It was Marx's 188th birthday yesterday, as s0metim3s, carlos rojas, and Steven Shaviro, among others, note. I hope to write up something apropos before long.
But it is Freud's today. And old Sigismund would be 150 were he still alive, which is quite a milestone by anybody's standards.
Moreover, I have returned to thinking about ruins, one of Freud's many obsessions. Freud took a keen interest in archaeology, and his home in Hampstead was filled with a collection of over 2,000 curios that had been excavated from the Ancient World: no wonder the London Freud Museum should comment that, surrounded by his antiquities, Freud "worked in a museum of his own creation". (See also The Vienna Freud Museum.)
As the museum further indicates, these curios were prized for more than their aesthetic value alone.

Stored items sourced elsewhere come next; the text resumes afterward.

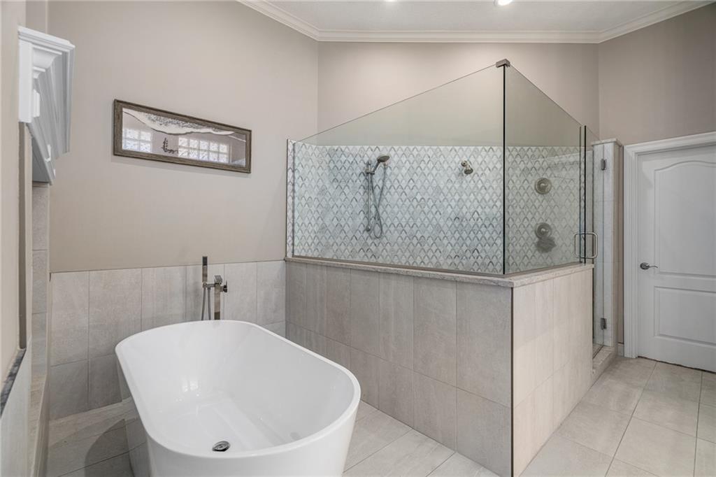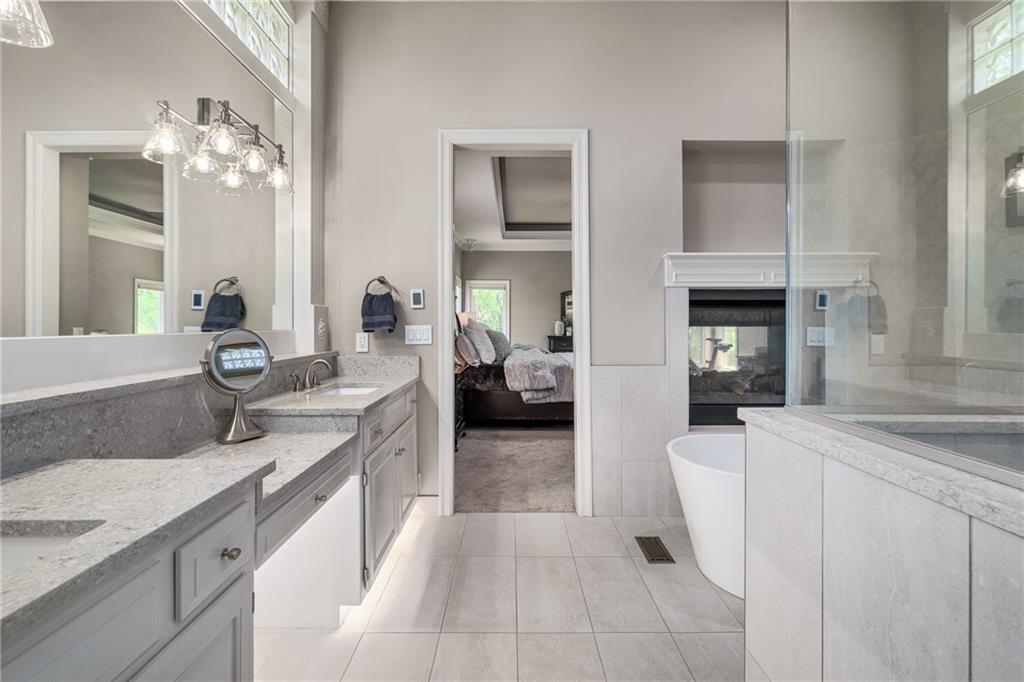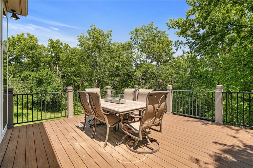 Welcome home to this stunning Don Julian reverse 1.5-story tucked on a wooded half-acre at the end of a quiet cul-de-sac in Woodland Reserve. Soaring ceilings and oversized windows frame peaceful, tree-filled views and fill every room with natural light. The main level offers formal dining, a living room with see-through fireplace, hearth room, home office, and a well-appointed kitchen with custom cabinetry, quartz counters, stainless appliances, double ovens, and walk-in pantry. A four-season sunroom opens to the deck. The primary suite features a tray ceiling, built-ins, and a two-way fireplace into a luxurious en suite bath with heated tile floors, dual vanities, soaking tub, oversized shower, and walk-in closet. A second main floor bedroom with private bath, powder room, and laundry round out the main level. The finished walkout basement includes three additional bedrooms, two with private baths, a family room with fireplace and wet bar, media room, second powder room, and second laundry. The climate-controlled 4-car garage is a dream for hobbyists and car enthusiasts alike. A built-in shed adds even more storage. Enjoy the pool, pond, walking trails, play area, and beautifully maintained common spaces this community has to offer. Tranquil setting just minutes to Oak Park Mall, Lenexa City Center, Shawnee Mission Park, K-7 and I-435.Buyer/Buyer's Agent to verify square footage.
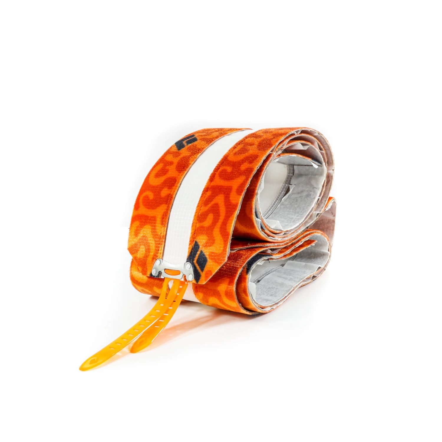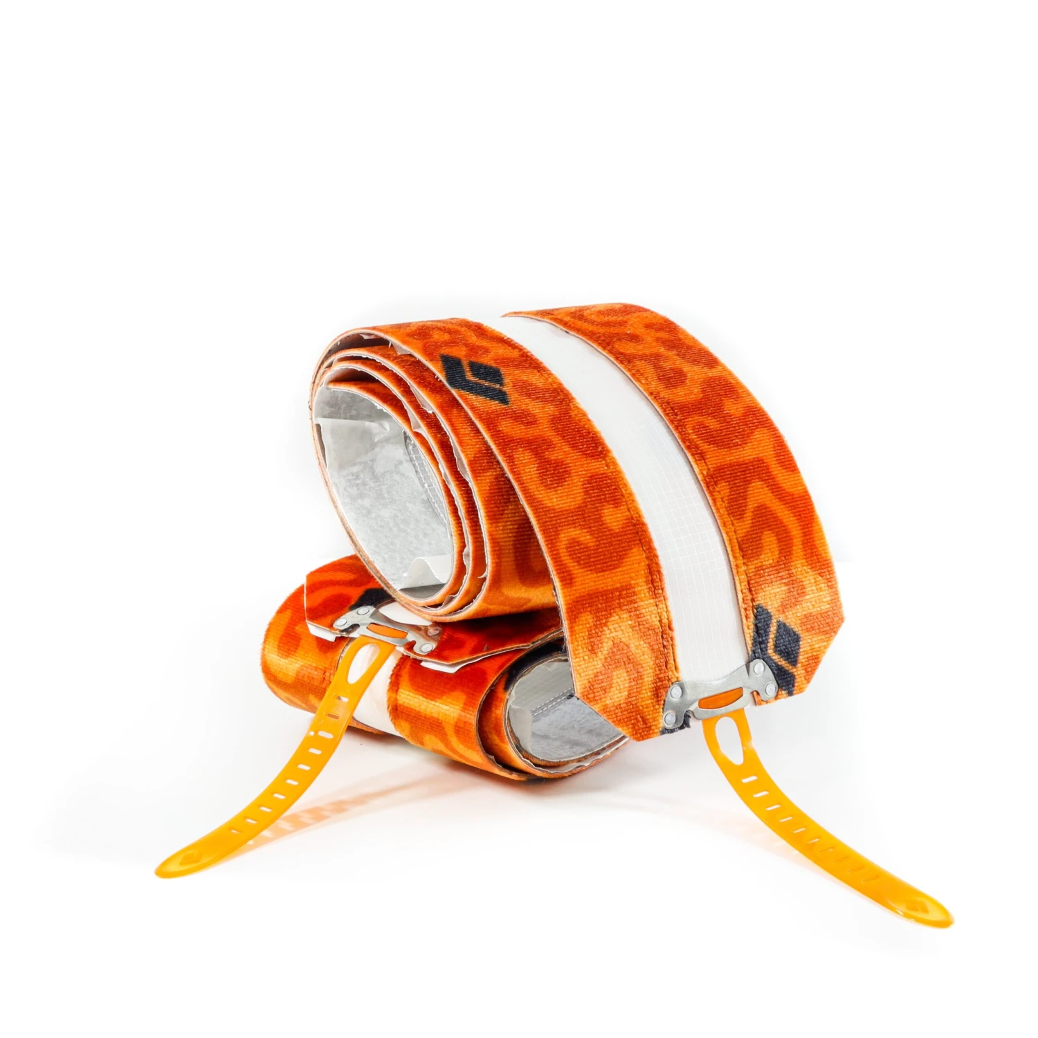 The ideal skin for those ultra-fat powder boats you’ve been dreaming of taking out of bounds. These Black Diamond skins are designed for skis wider than 120mm underfoot or for ultra-wide split boards. The strip of Dyneema fabric down the middle saves on weight and reduces drag on the ascent. The nylon plush has an incredible grip and Black Diamond glue is durable and watertight. These skins are brand new and have never been used, only stored. These skins do not include tip loops or tail clips.
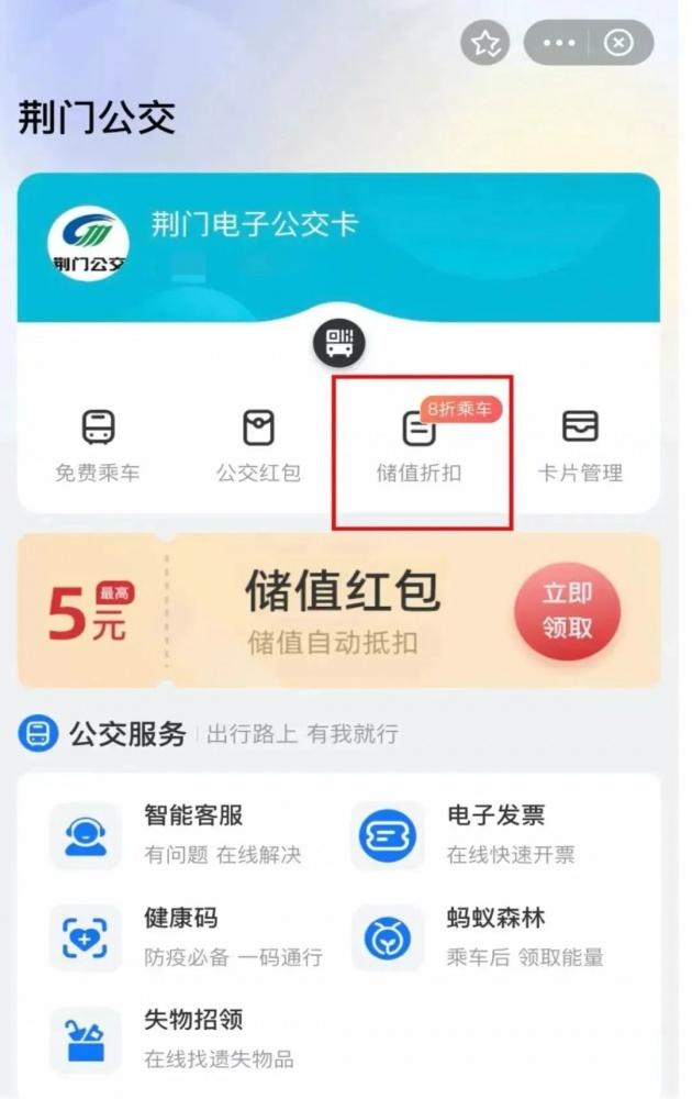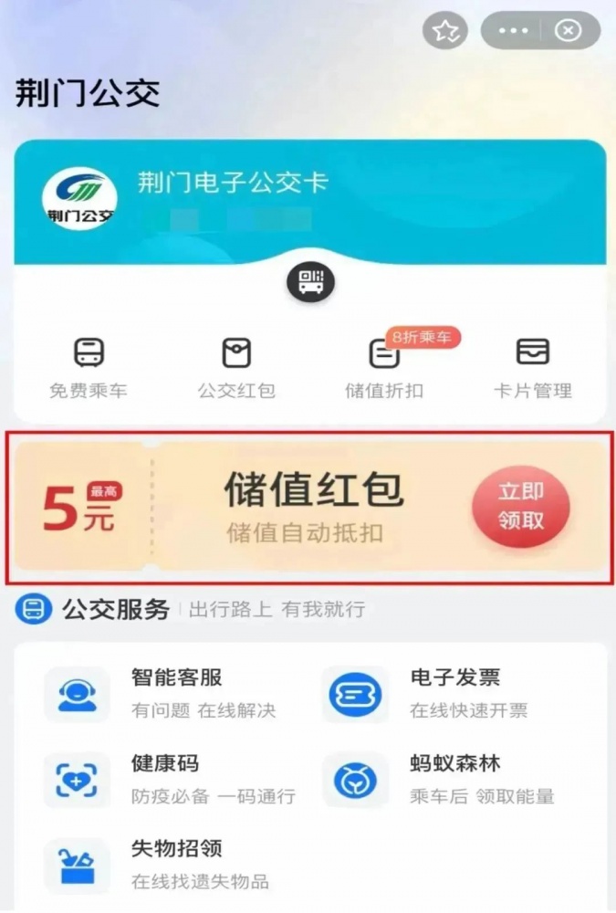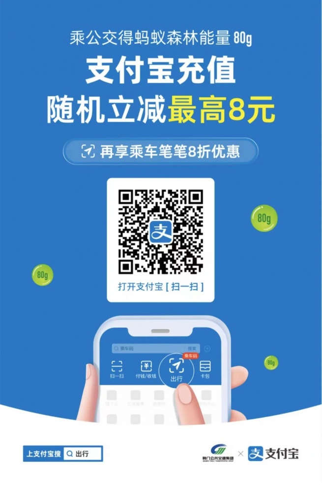 荊門市民可在支付寶上搜索“荊門公交”首充儲值最高可減8元。每個用戶每月可享受一次儲值優(yōu)惠。充值成功后,使用【荊門電子公交卡】刷碼,乘車享筆筆8折優(yōu)惠。更多內(nèi)容,詳見下文~
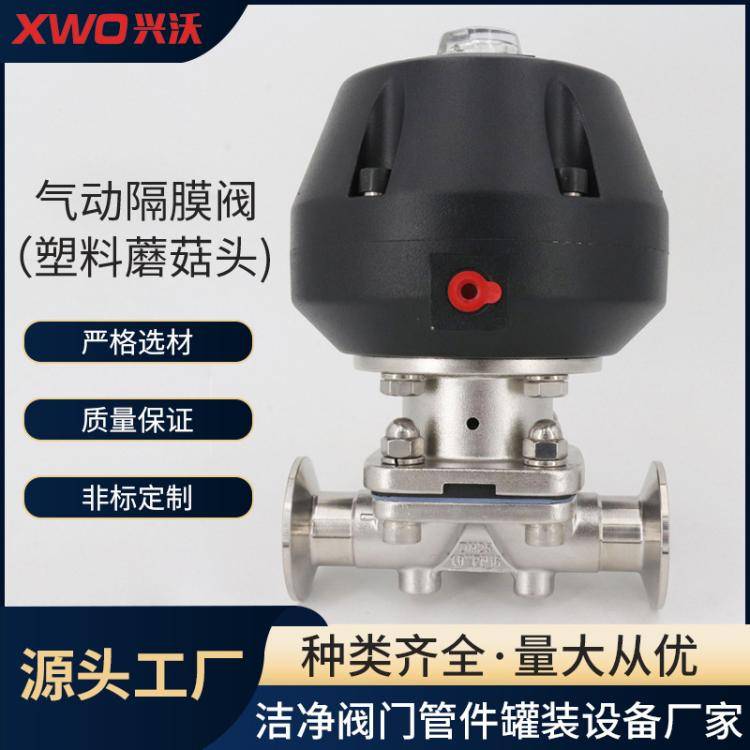 兴沃气动隔膜阀塑料蘑菇头不锈钢食品制卫生药级快装卡箍式双膜片
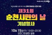 ‘더 큰 미래를 위한 삶의 쉼터, 치유도시 순천!’ 그 새로운 도약을 위한 순천시(시장 노관규)가 오는 15일 오천그린광장 일원에서 24개 읍면동 화합행사와 함께 ‘제31회 순천시민의 날’기념식을 개최한다. 이번 행사는 오후 1시부터 밤 8시 30분까지 28만 순천시민이 하나되어 글로벌 문화산업, 삶이 머무는 치유도시 메카로 발돋움한 일류 순천의 자부심을 높이는 장으로 어울한마당 큰 잔치가 성대하게 펼쳐진다. 이날 펼쳐지는 제31회 순천시민의 날 행사는 지역사회의 화합과 단결을 다짐하고, 순천의 발전을 기념하는 의미있는 시간으로 1부 행사와 2부 행사로 나눠 진행된다. 1부 행사는 오천그린광장 주차장 일원에서 오후 1시부터 오후 5시까지 ▲24개 읍면동 화합을 위한 장기자랑 ▲어린이 한마당 잔치 ▲버블매직쇼 ▲울려라! 도전 순천역사골든벨 ▲읍면동 먹거리부스 ▲순천하세요!(김수련, 양서영, 하숙자 가수의 공연) ▲체험부스 ▲푸짐한 경품 등이 마련돼 가족 단위 방문객에게 인기가 높을 것으로 기대된다. 특히 시민들이 함께 즐길 수 있는 ‘먹거리 부스’에서는 24개 읍면동이 참여해 각 지역을 대표하는 특색
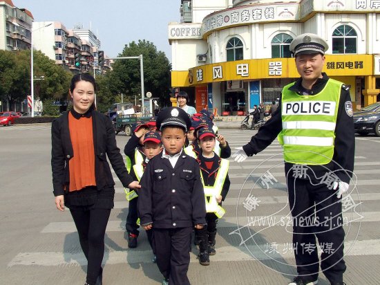 头戴交警帽,身着交警服,3月22日下午,飞天艺术幼儿园的小朋友们在老师和交警的指导下,学习辨识交通指示灯,走斑马线。让小朋友们在实践中学习交通安全知识,并引导更多人遵守交通规则,从3月19日开始,该园的每位小朋友都体验了这样的安全教育课。
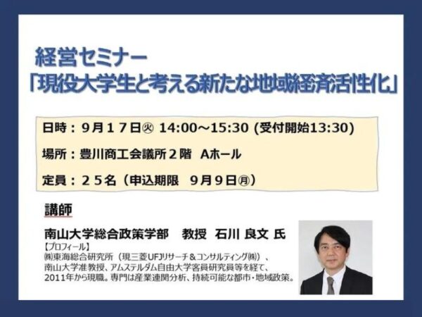 豊川市では、地域経済循環(※)を促進し地域住民の生活環境を維持しつつ地域商業の活性化を図ることを目的とした経営セミナーを開催します。 令和6年度は、人の呼び込むための活性化策を、現役大学生を交えて提案していくワークシ…
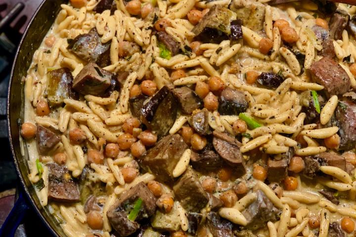 Cavatelli con garbanzos, berenjenas y hongos frescos
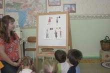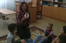 На фоторгафии воспитатель средней группы № 12 Елена Владимировна Федотова со своими воспитанниками играет дидактическую игру "Бу кем?" -"Кто это?". ( с элементами УМК по обучению двум государственым языкам)
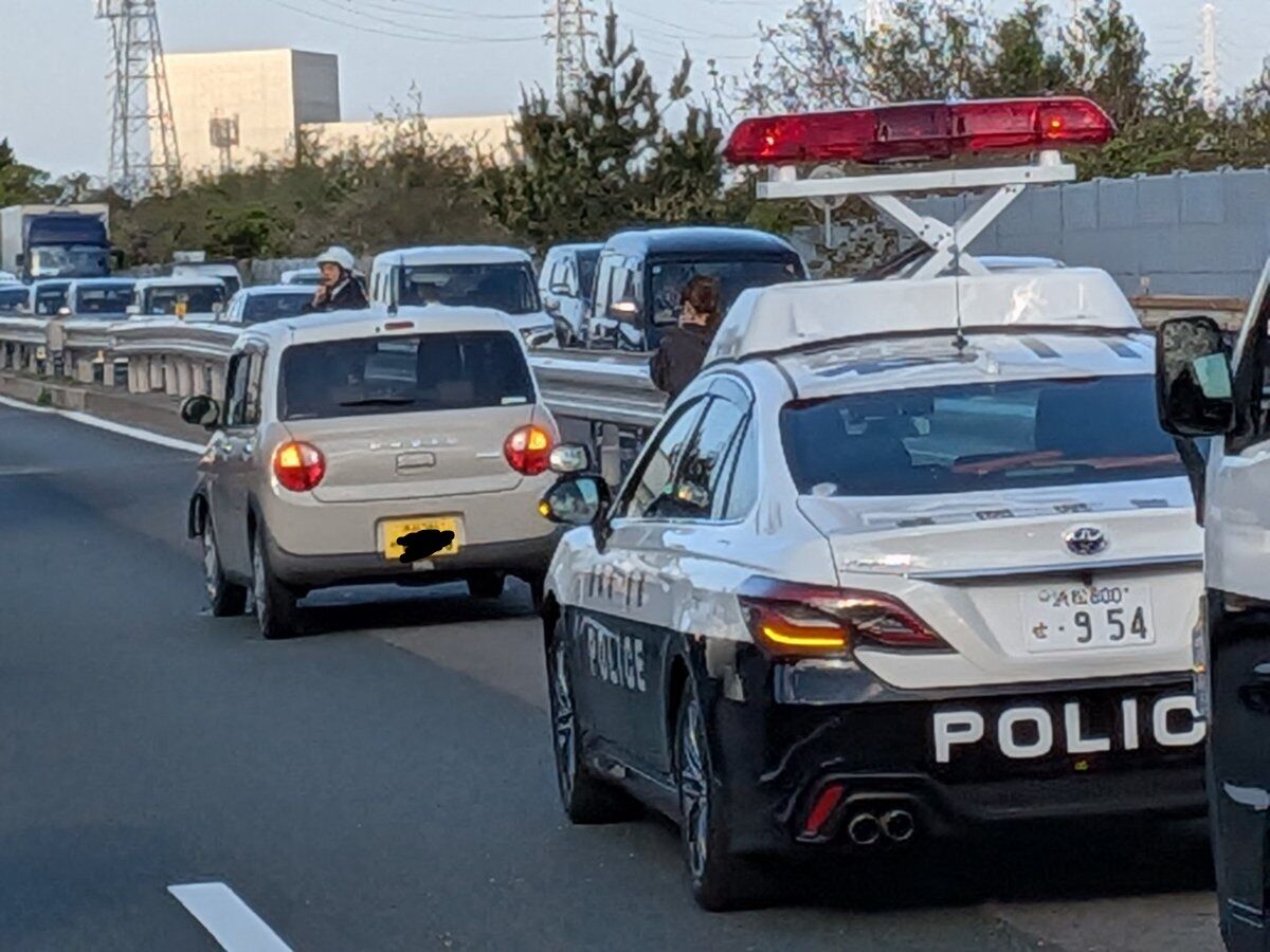 【現場の様子】#交通情報 国道1号線 磐田バイパス 下り 静岡県磐田市加茂IC付近 車両4台からむ事故で規制渋滞4月8日 #静岡 #磐田 #浜松

Freud believed they told something of the truth of pyschoanalysis and its theories of the unconscious:
One example of this is Freud's explanation to a patient that conscious material "wears away" while what is unconscious is relatively unchanging: "I illustrated my remarks by pointing to the antique objects about my room. They were, in fact, I said, only objects found in a tomb, and their burial had been their preservation."
Freud often compared the unconscious to buried ruins, and the task of the analyst to that of the archaeologist, uncovering ever deeper strata for the prizes hidden in the depths, clues to the ways of life only dimly discerned from mere surface inspection.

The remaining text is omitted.